-- Assignment --
Copy out the data exactly, leaving the pictures behind.

-- Material provided --
..........
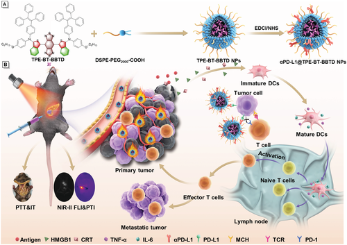 本研究开发了一种980 nm AIE吸收剂,即TPE-BT-BBTD,它具有所有报道的AIE分子中最长吸收波长及优异的光热转换性能,适用于近红外二区深度成像和光热治疗。通过与程序性死亡配体1 (αPD-L1) 抗体的共价连接,αPD-L1@TPE-BT-BBTD纳米颗粒则能同时满足深度成像,肿瘤靶向杀伤和免疫抑制逆转。这种独特的组合为通过局部干预诱导全身抗肿瘤反应来治疗转移性胰腺癌提供了新途径。
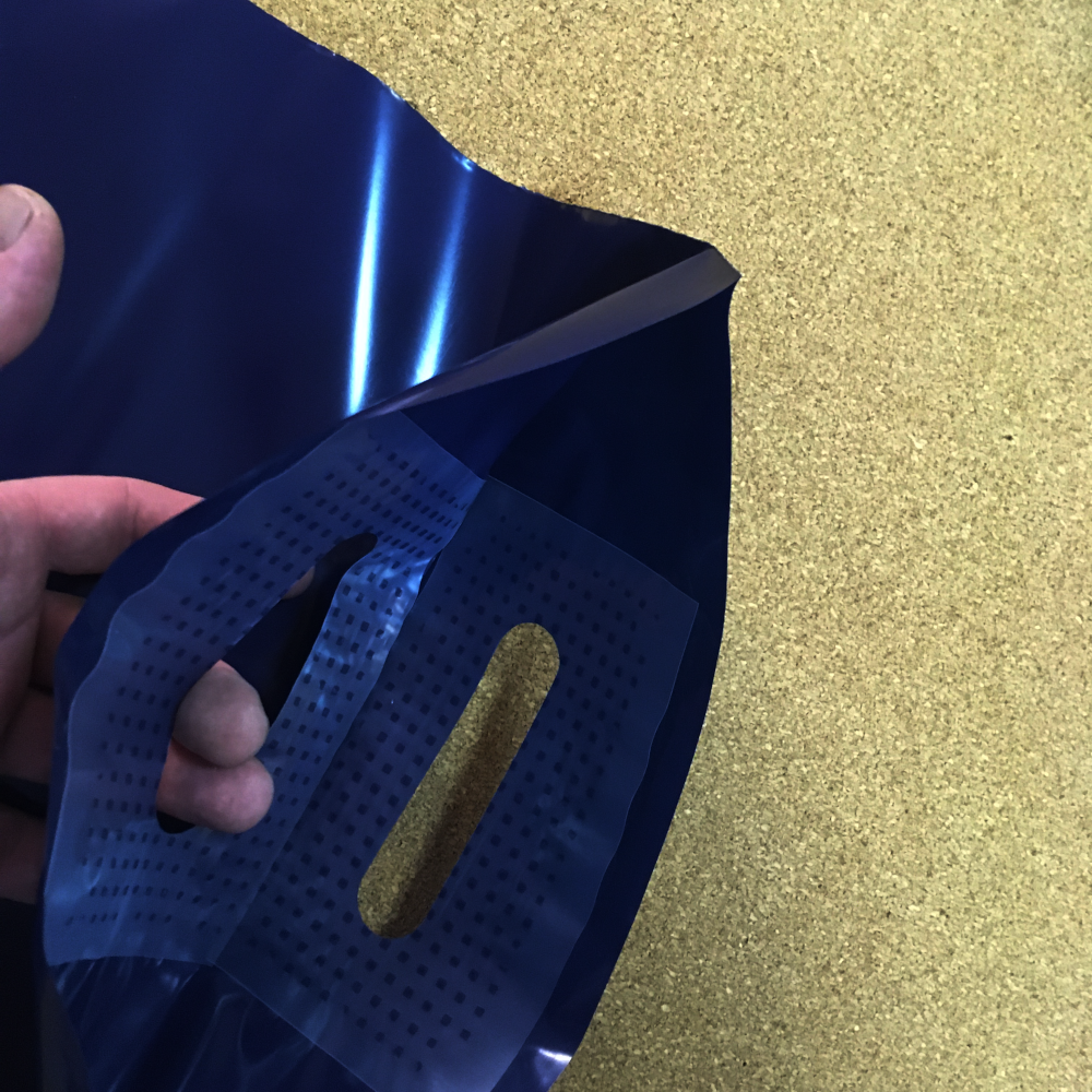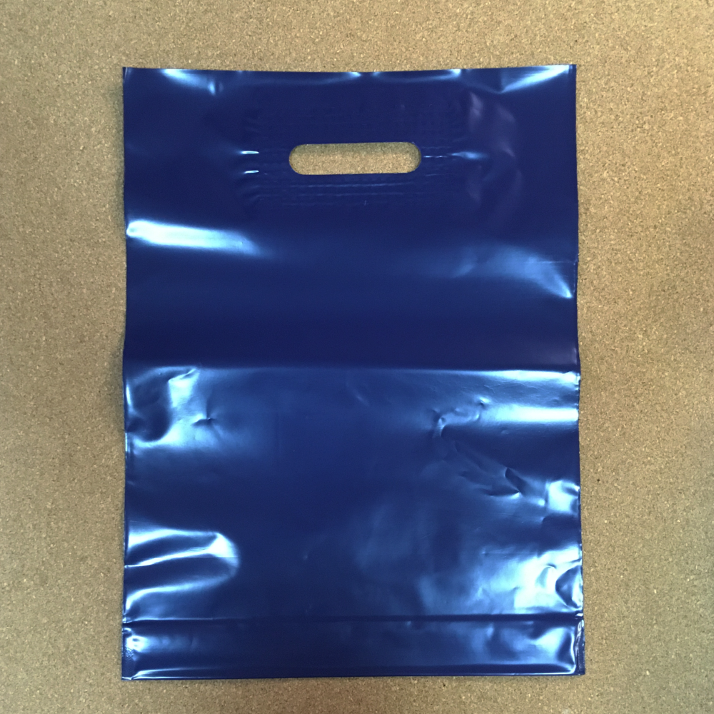 Размер 300×400(+30) мм. Плотность 70 мкм. Цвет пленки синий. Pantone 2767C. Усиленная вырубная ручка. Закладное дно.
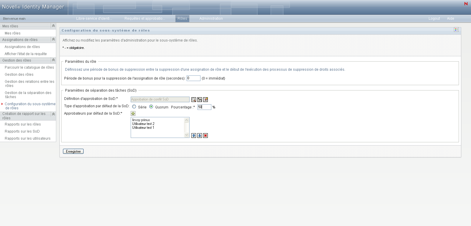 Pour définir les paramètres d'administration du sous-système de rôles :
..........
-- Written answer --
 本研究开发了一种980 nm AIE吸收剂,即TPE-BT-BBTD,它具有所有报道的AIE分子中最长吸收波长及优异的光热转换性能,适用于近红外二区深度成像和光热治疗。通过与程序性死亡配体1 (αPD-L1) 抗体的共价连接,αPD-L1@TPE-BT-BBTD纳米颗粒则能同时满足深度成像,肿瘤靶向杀伤和免疫抑制逆转。这种独特的组合为通过局部干预诱导全身抗肿瘤反应来治疗转移性胰腺癌提供了新途径。
 Размер 300×400(+30) мм. Плотность 70 мкм. Цвет пленки синий. Pantone 2767C. Усиленная вырубная ручка. Закладное дно.
 Pour définir les paramètres d'administration du sous-système de rôles :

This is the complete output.